Surgical interventions are now relying more and more on 3D printing to gain a deeper insight into complex operations and devise surgical interventions. All the while AM is becoming cheaper and more accessible, assisting with the testing of new materials and adapting current techniques to the diverse array of opportunities out there.
It is no secret that additive manufacturing (AM) revolutionised the fields of dentistry and orthodontics and is very much in vogue when it comes to new medical innovative components. It is therefore only natural that AM would catch up with surgery, proving to be a brilliant asset in areas such as; reducing costs, time of operation and built-in prosthetics.
Dramatic examples of 3D printing in surgery
Groundbreaking examples of 3D printing in surgery are illustrated by heart operations. Amongst the many challenging aspects of heart operations, particularly on kids, is the preparation process: devising a plan on how to approach, operate and remedy the defects is not a rehearsal exercise. Unpredictable outcomes and time constraints don’t help, heaping further pressure on the shoulders of the medical profession.
Therefore, being able to construct a prototype of the heart through 3D printing, from its CT and tomographical images, assists greatly in devising and practicing a plan to operate on the defects. Such procedures have already been successfully conducted, resulting in the patient’s full recovery, the decrease of time and cost of operation as well as reducing the risks associated with long open heart surgeries. Examples of notable cases are Roland’s one, a boy born with four heart defects and Mina Khan, who had a broken heart.
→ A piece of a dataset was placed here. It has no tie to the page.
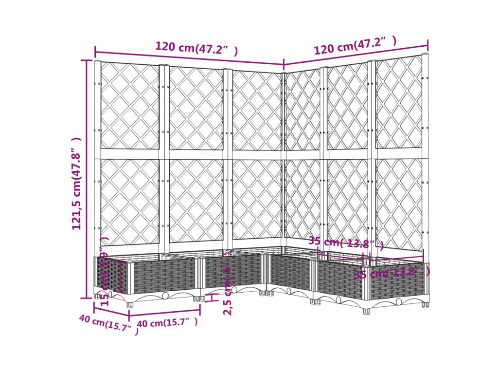 - Užitková treláž: Integrovaná treláž nabízí skvělou oporu pro pěstování popínavých rostlin, jako jsou rajčata, hrášek a růže.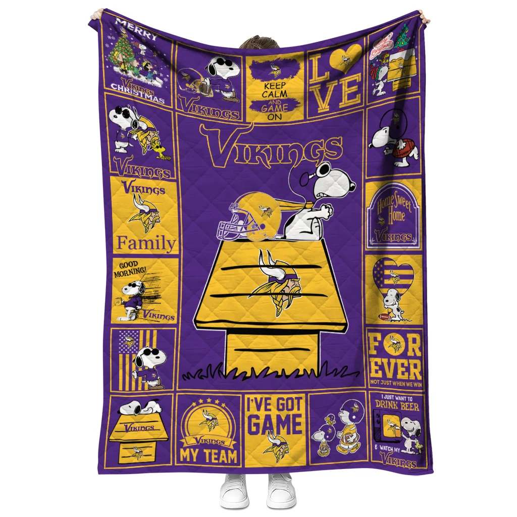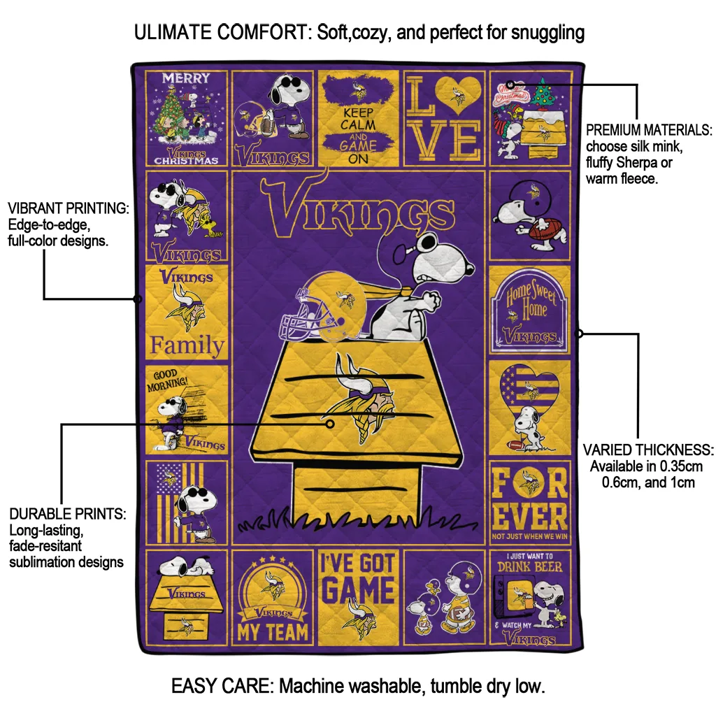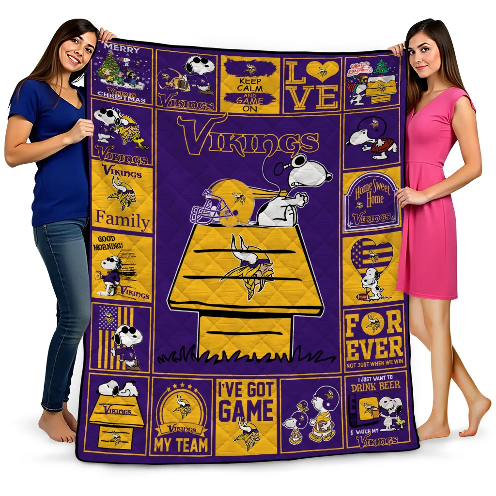 Wrap yourself in warmth and pride with the Minnesota Vikings Snoopy Love Purple Quilt Blanket from the Minnesota Vikings Blankets collection at Yes That Blanket. Made from 100% premium quilting-weight polyester blended with a touch of microfiber, this quilt offers a smooth, soft finish you’ll love. Choose between two quilting styles—Stipple or Diagonal—and enjoy the comfort of a cotton-filled layer inside that adds extra coziness for every season. The border is available in classic black or white, giving your design a clean, timeless edge.

Lifesaving 3D printing in surgery
In Roland’s case, the CT scan allowed the researchers to print a 3D model which was 1.5 times bigger and devise a surgical plan. This resulted in one operation instead of four and cut down the costs and time by ¾. The cost of the 3D printed heart was $600 and it only took 20 hours to manufacture.
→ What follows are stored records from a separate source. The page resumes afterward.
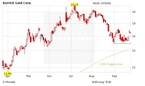 Die FED-Entscheidung am Mittwoch befeuerte auch wieder den Aktienkurs. Die Papiere sprangen auf 18,69 Dollar. Der Rücksetzer seit Anfang August ist jedoch nicht nur den jüngsten Problemen geschuldet, sondern war eine normale Konsolidierung im Zuge der vorangegangenen 200-Prozent-Rallye. Die Chancen auf eine kurzfristige Trendwende stehen gut. Die Aktien von Barrick Gold sollten ihren Boden gefunden haben.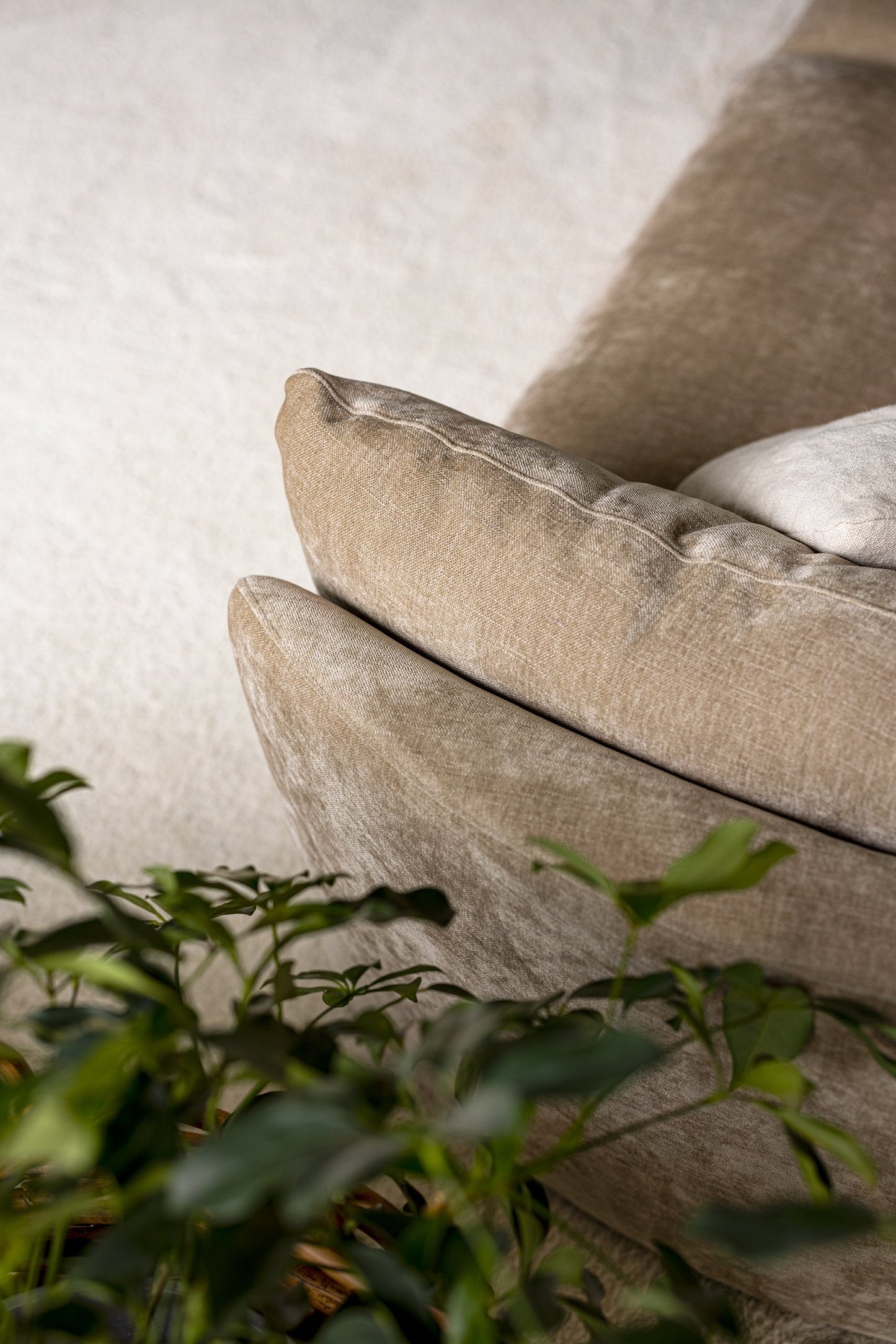 Sofaen er avbildet i chenille tekstilet: Wildflower i fargen 2 cold beige. Denne tekstilen er en blanding av polyester og lin, kan vaskes i maskin på 30gr. Wildflower produseres i 12 farger.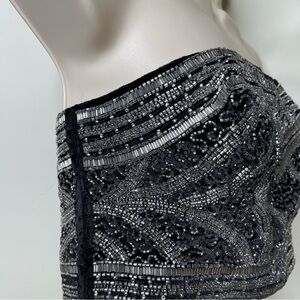 UO Kimchi Blue Black Velvet SilverEmbroidered Beaded Bandeau Top sz S. Excellent condition, no loose beads. Size S Beaded velvet back zipper closure Fits like a B cup Anti slip.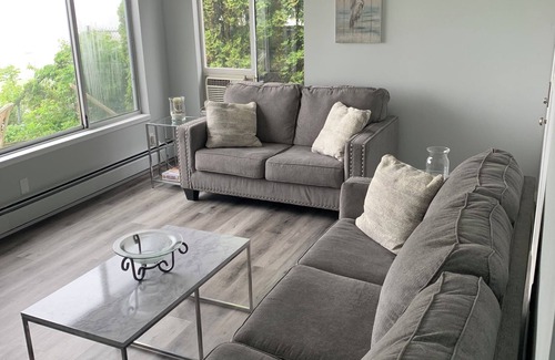 Newly renovated apartment overlooking the Manitowoc Marina and Lake Michigan. Watch the car ferry cruise in on the large deck with unobstructed views. All new appliances, bathroom fixtures and furniture. Only a .4 mile walk to downtown, restaurants, bars & venues. Two car garage available for parking.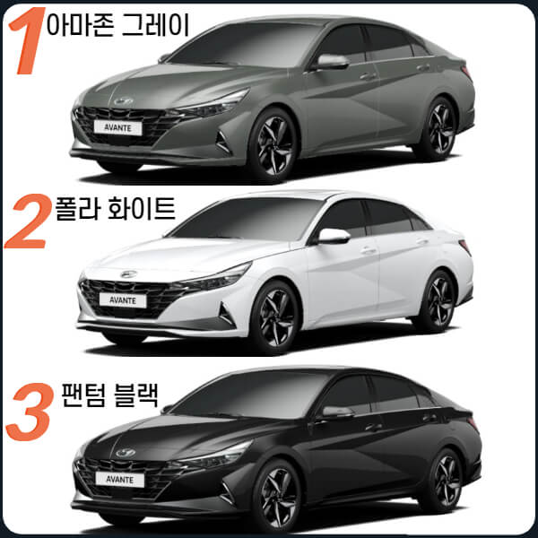 아반떼 cn7 색상 추천 고민해결! 아반떼 cn7 색상은 총 9가지로 가장 인기 있는 색상은 아마존 그레이, 폴라 화이트, 플루이드 메탈입니다. 그리고 내장 색상은 블랙과 그레이로 2가지인데, 그레이

In the case of Mina, the large hole between the ventricles over her heart posed a challenge: the surgeons had to figure out a procedure that could fix it while the heart was still pumping. The procedure needed to be highly accurate to make sure the heart’s tiny proportions and fragile state were not damaged. The team of surgeons of St Thomas hospital relied on CT and MRI imagery to develop a 3D printed model that accurately rendered the heart during pumping. This allowed them to move into the operating room with a devised surgical intervention plan. Mina has been doing great since the operation, recovering from the surgery and the condition.
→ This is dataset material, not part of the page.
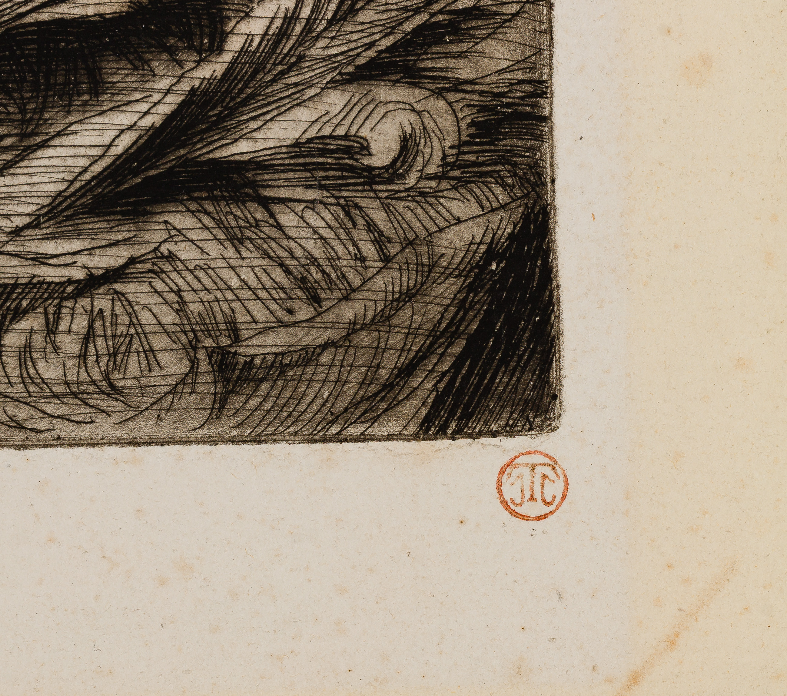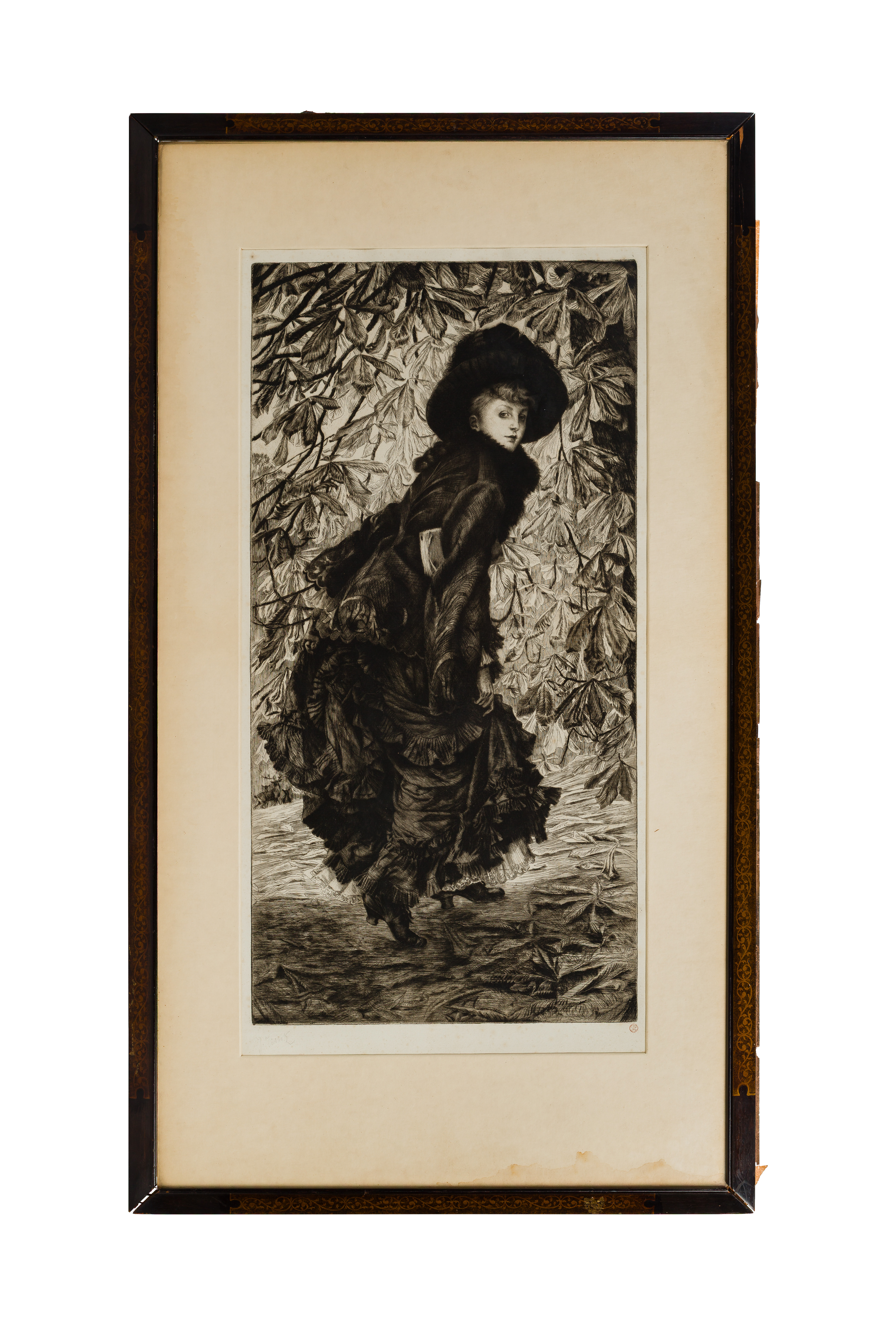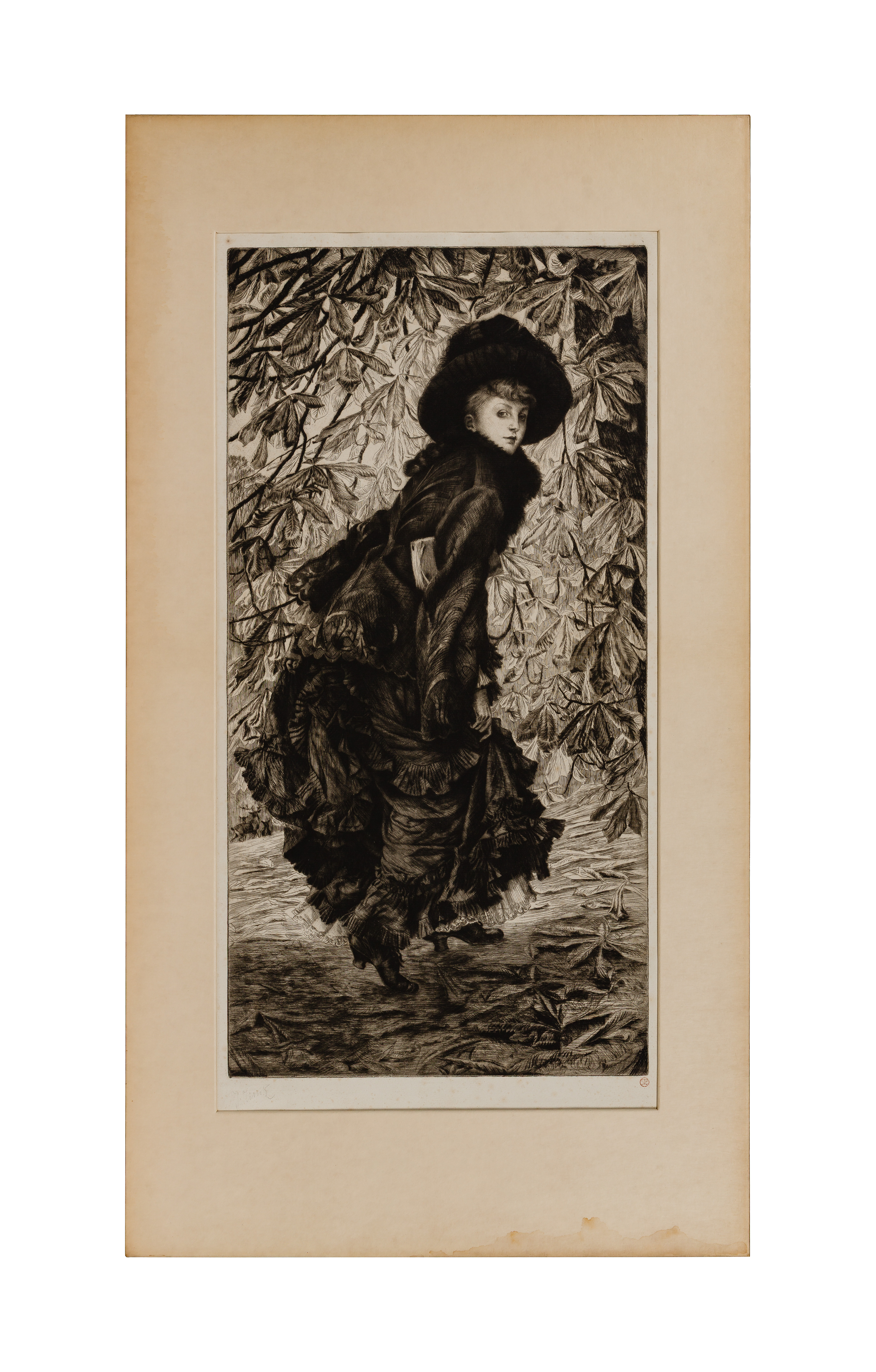 1878, pencil signed lower left, artist’s red ink stamp lower right, etching and drypoint on antique cream laid paper, depicting an elegantly dressed lady walking into a wooded area, matted under glass in a wood frame, illegible annotation verso having the date 1882

3D printed body parts and implants
Aside from 3D models that allow an easier and strategic intervention, 3D printed parts implemented in the body have also been successfully conducted. When a bone infection was destroying the right leg of patient Mr Lichter, a 3D bone scaffold was devised by the team of surgeons and researchers taking care of his case – in an effort to prevent amputation. Once the infected bones were removed, the 3D tibia scaffold was setup in his leg allowing for healthy bone tissue to grow around it.
The polymer used in the 3D part is made of human-friendly material that will gradually dissolve as the bone builds up, allowing smooth recovery and transition without an extra operation to remove it. In the case of cranioplasty, surgeons have observed that relying on 3D implants that were devised through reverse engineering and prior CT scans, instead of traditional ones, is highly effective. They not only reduce surgery time and expenses, but the 3D models are manufactured with high accuracy from the CT and respect precise tolerance intervals that can otherwise be different on traditional implants. They are traditionally a result of machine accuracy and precision parameters rather than taking into account precise aspects of the skeleton.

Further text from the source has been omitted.